## Exercise goal:
Please give again exactly the lines from the top of the material through the line with "知床観光船おーろらから見た知床硫黄山とクンネポール(こけし岩~岩尾別間)"; omit each picture.

## Dataset section:
+ + + +
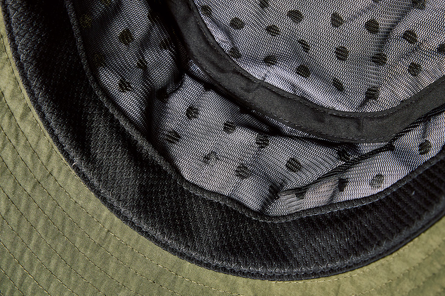 そんな雑談をEVEN誌営業部員モリとしていた際に、なぜか誇らしげな表情で手渡されたのが、このバケットハット。一見、今風のシンプルなバケハかなと思いきや、真夏のゴルフに最適な機能性を備えているとのこと。使用される素材は、被るだけで木陰にいるような感覚になるという「コカゲル」。裏に遮熱素材を挟み込んで直射日光を跳ね返す機能性を有し、ゴルフだけでなくデイリーユースにも最適な仕様となっている。カジュアルなスタイリングにマッチして、高い機能性で快適なプレーをサポートしてくれる新作バケットハット。
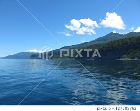 知床観光船おーろらから見た知床硫黄山とクンネポール(こけし岩~岩尾別間)
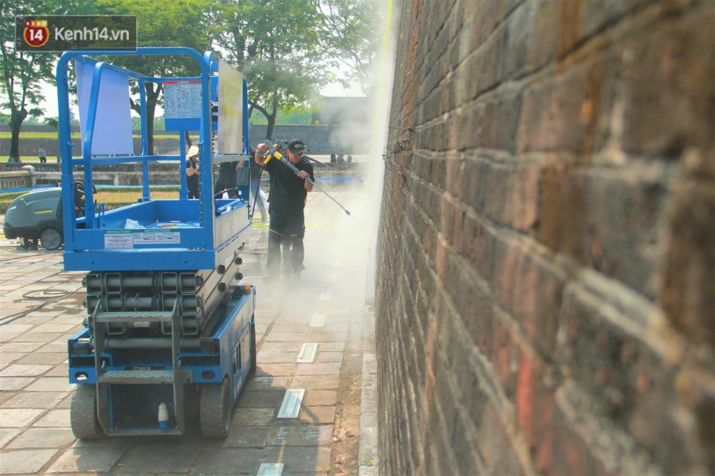 Di tích Ngọ Môn, cửa chính đi vào Hoàng Cung Huế đang hoàn tất những công đoạn cuối cùng của dự án làm sạch bằng kỹ thuật phun áp lực cao ở chế độ hơi nước nóng.
+ + + +
## Answer to this task:
 そんな雑談をEVEN誌営業部員モリとしていた際に、なぜか誇らしげな表情で手渡されたのが、このバケットハット。一見、今風のシンプルなバケハかなと思いきや、真夏のゴルフに最適な機能性を備えているとのこと。使用される素材は、被るだけで木陰にいるような感覚になるという「コカゲル」。裏に遮熱素材を挟み込んで直射日光を跳ね返す機能性を有し、ゴルフだけでなくデイリーユースにも最適な仕様となっている。カジュアルなスタイリングにマッチして、高い機能性で快適なプレーをサポートしてくれる新作バケットハット。
 知床観光船おーろらから見た知床硫黄山とクンネポール(こけし岩~岩尾別間)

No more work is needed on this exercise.